Горецкий 2-й на коне, перед войском, сабля наотмашь, – так его печатали полвека назад, – и он же блюститель уборной.
Я дал ему на четверть фунта халвы, когда недавно, прощаясь, поцеловал его, единственного, который знает меня как Сергея Русанина.
Когда рукопись эта появится в свет и о том, кто был я в отношении к другу, узнает всякий, надо надеяться, я не буду в живых.
Вон оно предо мною – роковое мне изыскание о судьбе Михаила! В комиссию архивных работ пошлю и я свою лепту. В ней будет заключаться как раз то, чего узнать невозможно ни из каких источников, кроме одной моей погибшей души.
Я живу в большом доме, имеющем историческое прошлое. В зале его с лепным потолком бывали блестящие балы, а у меня – первые успехи в свете. Позднее, при переходе дома в частные руки, я там продувался на бильярде Горецкому, который без промаха резал шара и в среднюю лузу и в угол и знаменит был своими клопштоссами. Там же, в отдельных кабинетах, мы напивались до положения риз, и лакеи, завернув нас в николаевки, развозили под утро домой.

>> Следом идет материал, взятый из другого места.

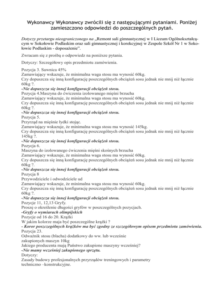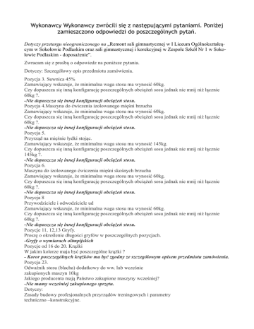 Wykonawcy Wykonawcy zwrócili się z następującymi pytaniami. Poniżej zamieszczono odpowiedzi do poszczególnych pytań. Dotyczy przetargu nieograniczonego na „Remont sali gimnastycznej w I Liceum Ogólnokształcącym w Sokołowie Podlaskim oraz sali gimnastycznej i korekcyjnej w Zespole Szkół Nr 1 w Sokołowie Podlaskim - doposażenie”. Zwracam się z prośbą o odpowiedz na poniższe pytania. Dotyczy: Szczegółowy opis przedmiotu zamówienia. Pozycja 3. Suwnica 45% Zamawiający wskazuje, że minimalna waga stosu ma wynosić 60kg. Czy dopuszcza się inną konfigurację poszczególnych obciążeń sosu jednak nie mnij niż łącznie 60kg ?. -Nie dopuszcza się innej konfiguracji obciążeń stosu. Pozycja 4.Maszyna do ćwiczenia izolowanego mięśni brzucha Zamawiający wskazuje, że minimalna waga stosu ma wynosić 60kg. Czy dopuszcza się inną konfigurację poszczególnych obciążeń sosu jednak nie mnij niż łącznie 60kg ?. -Nie dopuszcza się innej konfiguracji obciążeń stosu. Pozycja 5. Przyrząd na mięśnie łydki stojąc. Zamawiający wskazuje, że minimalna waga stosu ma wynosić 145kg. Czy dopuszcza się inną konfigurację poszczególnych obciążeń sosu jednak nie mnij niż łącznie 145kg ?. -Nie dopuszcza się innej konfiguracji obciążeń stosu. Pozycja 6. Maszyna do izolowanego ćwiczenia mięśni skośnych brzucha Zamawiający wskazuje, że minimalna waga stosu ma wynosić 60kg. Czy dopuszcza się inną konfigurację poszczególnych obciążeń sosu jednak nie mnij niż łącznie 60kg ?. -Nie dopuszcza się innej konfiguracji obciążeń stosu. Pozycja 8 Przywodziciele i odwodziciele ud Zamawiający wskazuje, że minimalna waga stosu ma wynosić 60kg. Czy dopuszcza się inną konfigurację poszczególnych obciążeń sosu jednak nie mnij niż łącznie 60kg ?. -Nie dopuszcza się innej konfiguracji obciążeń stosu. Pozycje 11, 12,13 Gryfy. Proszę o określenie długości gryfów w poszczególnych pozycjach. -Gryfy o wymiarach olimpijskich Pozycje od 16 do 20. Krążki W jakim kolorze maja być poszczególne krążki ? - Koror poszczególnych krążków ma być zgodny ze szczegółowym opisem przedmiotu zamówienia. Pozycja 23. Odważnik stosu (blacha) dodatkowy do ww. lub wcześnie zakupionych maszyn 10kg Jakiego producenta mają Państwo zakupione maszyny wcześniej? -Nie mamy wcześniej zakupionego sprzętu. Dotyczy: Zasady budowy profesjonalnych przyrządów treningowych i parametry techniczno –konstrukcyjne. Czy dopuszcza się przenoszenie ciężaru stosów za pomocą pasów które są znacznie trwalsze niż wymagane linki? -Nie dopuszcza się przenoszenia ciężarów stosów za pomocą pasów. Czy odważniki stosów mogą być o innej wadze niż wymagana ? -Odważniki nie mogą być o innej wadze niż wymagana. Czy otwory na prowadnice mogą być w innym rozstawie niż 160mm? co nie ma znaczenia dla użytkownika ? -Otwory na prowadnice nie mogą być w innym rozstawie niż w szczegółowym opisie przedmiotu zamówienia. Czy wymaga się przedłożenia w ofercie wymaganych Certyfikatów ? Dotyczy Sprzęt cardio Jaki jest wymagany okres gwarancji na ORBITREK ELEKTROMAGNETYCZNY ? - W starym opisie przedmiotu zamówienia jest błąd dotyczący sprzętu cardio zamawiający chce zakupić bieżnię zgodną z załączonym opisem w nowym poprawionym Opisie przedmiotu zamówienia.. Okres gwarancji 24 miesiące (gwarancja producenta)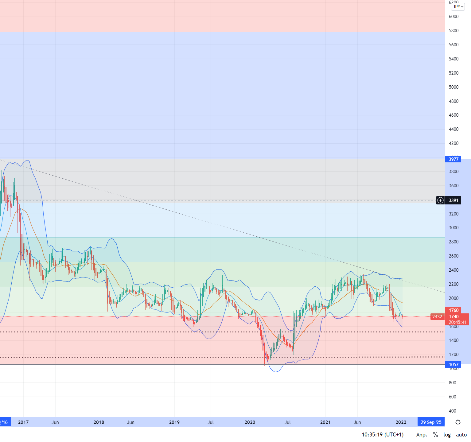 Liegt seit Ende November auf der Retracekante, liegt außerhalb des Fokus der Anleger. Weswegen das KBV unter 1 liegt.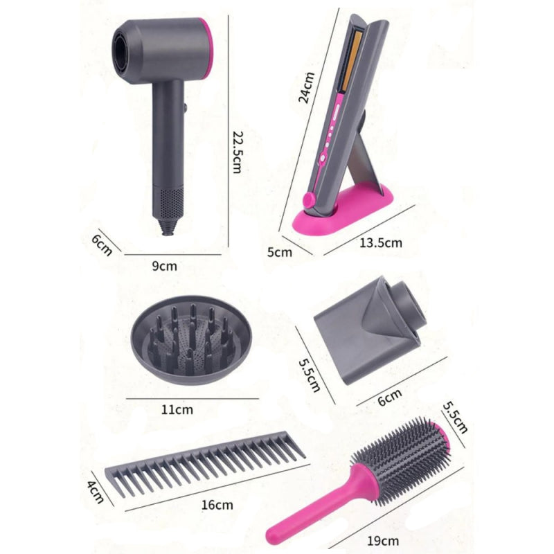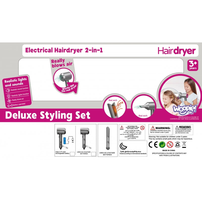 Žaislinis plaukų džiovintuvas tiesintuvas su priedais, WOOPIE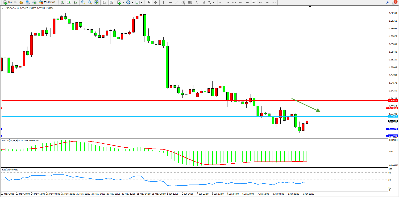 美元兑加元维持1.33629附近震荡,加拿大5月就业人数变动 -1.73万人,预期 2.13万人,前值 4.14万人,为2022年9月以来首次录得减少,创2022年8月以来最大降幅。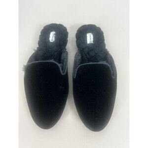 Birdies The Phoebe Black Velvet Faux Fur Lining Mule Flats Slippers Shoes Size 8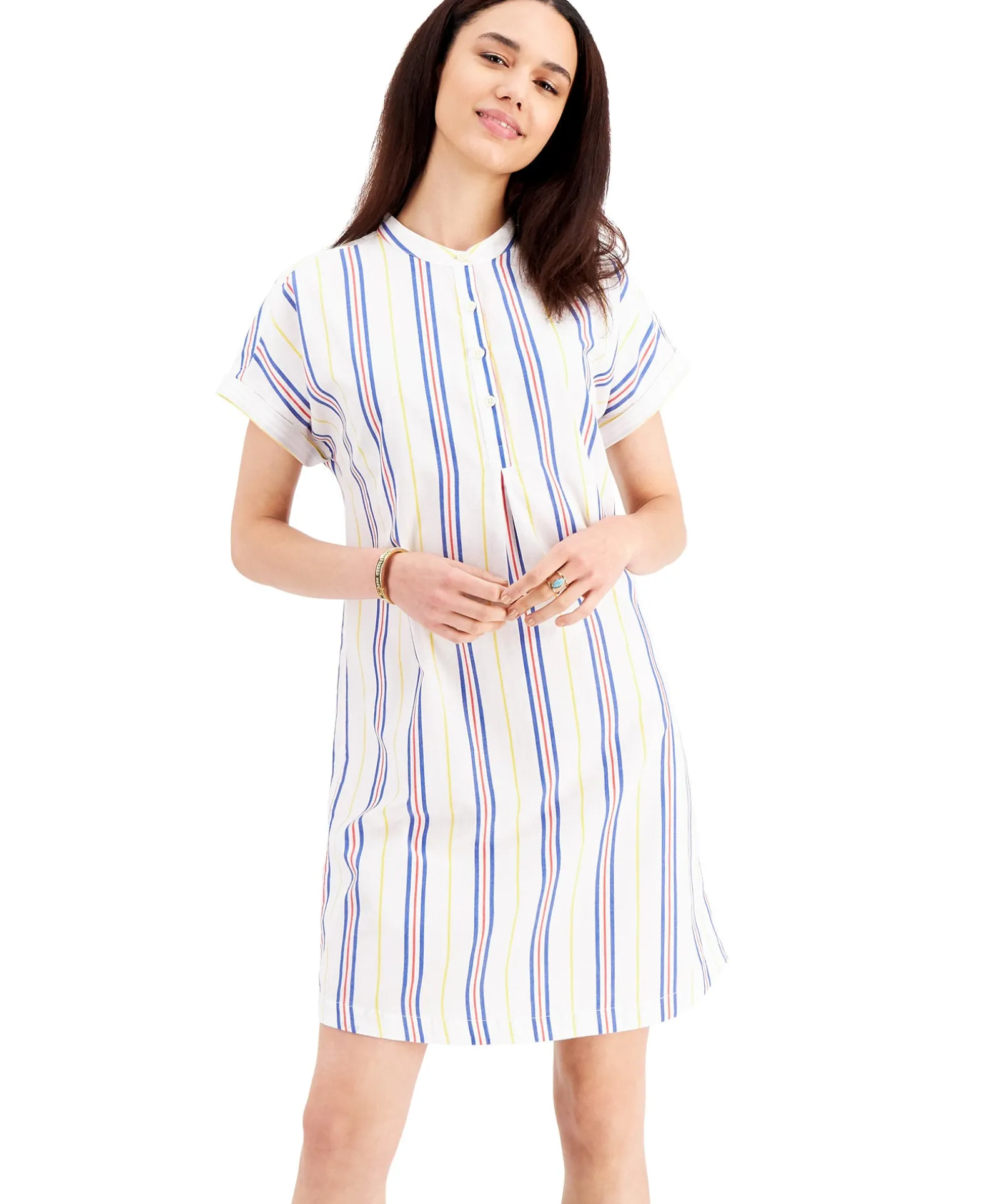 Style & Co Brings An Eye-Catching Pop Of Color To Your Wardrobe With This Cotton Shirtdress, Just In Time For Warmer Weather.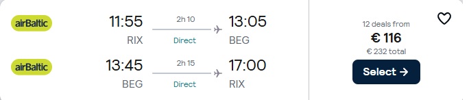 Tiešie Air Baltic lidojumi no Rīgas uz Belgradu.

У меня кутежи эти были припадками от невыносимых страданий несчастной любви к Вере, – о ней повесть ниже. Особенно бесшабашен был я в тот год, когда Михаил прямо из войск Гарибальди, едва вступив на границу Финляндии, пропал без вести и, как сейчас только стало известно, уже на веки вечные был замурован в каменный мешок равелина.
Но вернемся к порядку дня, как сейчас говорят…
Ныне я помещаюсь на третьем дворе, в самом поднебесье этого многопамятного мне дома.
Меня взял жильцом-нянькой к внучатам Иван Потапыч, бывший лакей последнего владельца.
Ивану Потапычу всего шестьдесят лет, и он крепкий старик бобыль с двумя девчонками. Невестку с сыном унес тиф, дети сами пришли к дедушке, куда же им еще?
Здесь, в доме, общежитие и столовая. Потапыч ходит мыть посуду, за что повар ему отпускает обед: супа – три порции, второго – две. Одной тарелкой с ломтем черного хлеба я сыт, пусть едят молодые. А к детям я привязан. В эти страшные годы только с ними забывался порой.
Ну, сейчас не до них; впрочем, и я им не нужен после того, как отвел их в школу. Со второго дня они пошли сами.
Потапыч день-деньской при посуде, говорит: «При нэпе все взбогатели, опять пачкают и мелкое и глубокое».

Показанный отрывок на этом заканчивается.